A: Without question, tumor profiling is becoming a standard tool used by many practicing oncologists. This is especially evident in breast cancer, where a patient will almost certainly undergo some type of genomic test, and likely more than one, to determine the expression levels of certain key genes in their tumor. These analyses are a critically important part of the treatment determination process, as they help indicate to an oncologist which drugs may be effective or ineffective. Tumor profiling is not only good clinical practice, potentially leading to better patient outcomes and potentially less suffering and pain related to ineffective therapy, but also more cost-efficient, as the expense of the genomic testing is generally much less expensive than the cost of ineffective treatment.

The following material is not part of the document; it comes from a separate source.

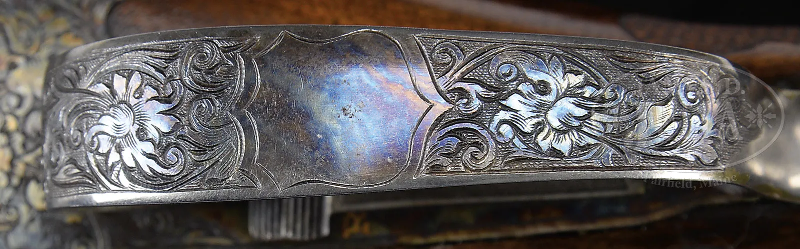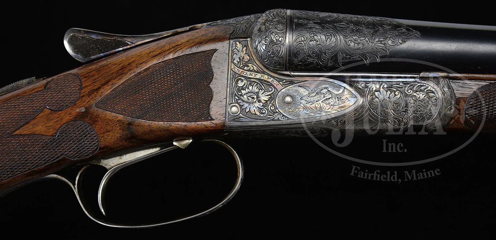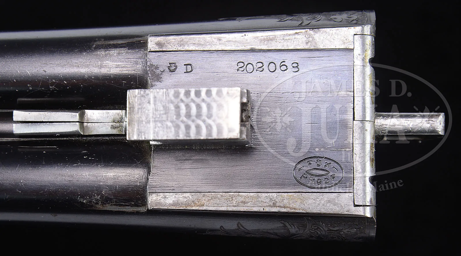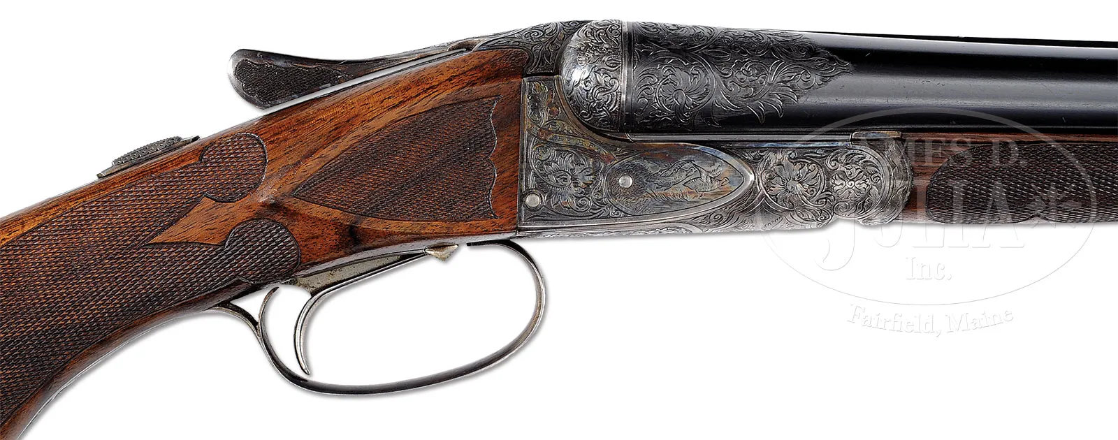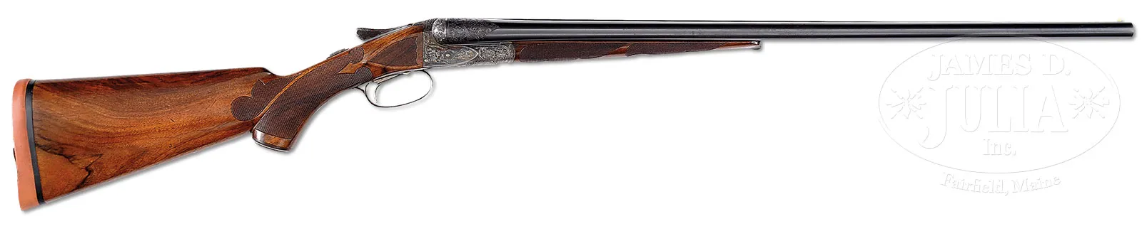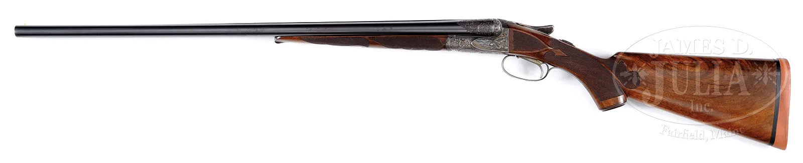 *VERY RARE (54 PRODUCED) HIGH ORIGINAL CONDITION SPECIAL ORDER FOX 20 GAUGE “DE” SHOTGUN WITH SINGLE TRIGGER.SN 202068. Cal. 20 ga. 2-1/2″ Chambers. 26″ Bbls with matted rib holding two ivory beads, are hand engraved “CHROMOX FLUID STEEL” “MADE BY A. H. FOX GUN CO. PHILA. PA. U.S.A.” on tops. There are 2″ triangles of open, shaded, scrolling acanthus at breech ends. Bbl flats are stamped with grade, SN and Fox proof. Sides of flats and cocking slide are engine turned. Small rebated frame, case hardened action has all correct markings on water table, patent info is hand engraved. Action features automatic safety (SAFE in gold) and Kautzky single selective trigger. Action is engraved in classic late “D” style with full coverage shaded scrolling acanthus surrounding oval vignettes of game birds; snipe flying over marsh on left and quail flying over marsh on right. “ANSLEY H. FOX” is on riband at upper rear of each scene. Bottom of action depicts a setter standing in meadow within crenelated border. Trigger plate is engraved with acanthus matching action. Case hardened trigger guard has matching acanthus flanking central shield on box, with SN at grip. Well marbled European walnut Fox capped extra long (obviously special order) pistol grip buttstock measures 13-5/8″ over black leather faced Silver pad. Side panels are checkered and fancy pattern checkering with lozenge intrusion and scroll flourishes into butt, is at grip. Matching long slim ejector forend with inset ebony tip, has Fox’s Deeley type release. Interior of iron has border engraving and has all correct marks and numbers. Bore diameter: left -.616, right – .615. Bore restrictions: left – .018 (mod), right – .007 (IC). Wall thickness: left – .031, right – .031. Drop at heel: 2-3/8″, drop at comb: 1-13/16″. Cast 1/4 on. Weight: 5 lbs. 15 oz. LOP: 13-5/8″. PROVENANCE: Estate collection of Dana Tauber. CONDITION: Excellent. Bbls retain 90 – 95% orig blue, thinning slightly on sides from normal hand wear, with a few cleaned minor rust spots. Action retains approx 90% orig case hardening color, silvered on high edges and thinning on bottom. Trigger guard retains most of its orig color, silvered at grip. Stocks retain most of an old hand rubbed oil finish, possibly orig, with some minor marks and nicks. Checkering cleaned and slightly worn. Newer pad is somewhat flattened. Bores are excellent with some light scratches. Action is tight. Mechanically excellent. An extremely rare small bore Fox. Factory records indicate a total production of 54, 49 in Philadelphia. Special Note: This item(s) contains plant or animal properties that may be covered by the Endangered Species Act (ESA). Please read the Conditions of Sale, section 15, for more information regarding the Endangered Species Act, and your responsibilities as a buyer. 51980-36 MGM (27,500-42,500) C&R; ESA – Lot 1412

Fortunately, the impact of tumor profiling isn’t relegated to the far-off future – patients are benefiting from this type of testing right now. Caris Life Sciences, who pioneered this approach beginning in 2006, has profiled more than 60,000 patients around the world, and has also developed the industry’s first tumor profiling registry, which has collected data on the demographics, presentation, diagnosis, treatment, resource use, and outcomes of eligible patients who previously have undergone Caris testing. This data has been tracked over multiple years and allowed to mature, and will be used to publish key insights on new biomarker relationships to help drive clinical decision-making. Caris, along with other companies/institutions who perform forms of tumor profiling, also publishes genomic research at multiple medical congresses and research conferences each year, which helps advance a better understanding of genomics in cancer and how to continue to further personalize care for patients.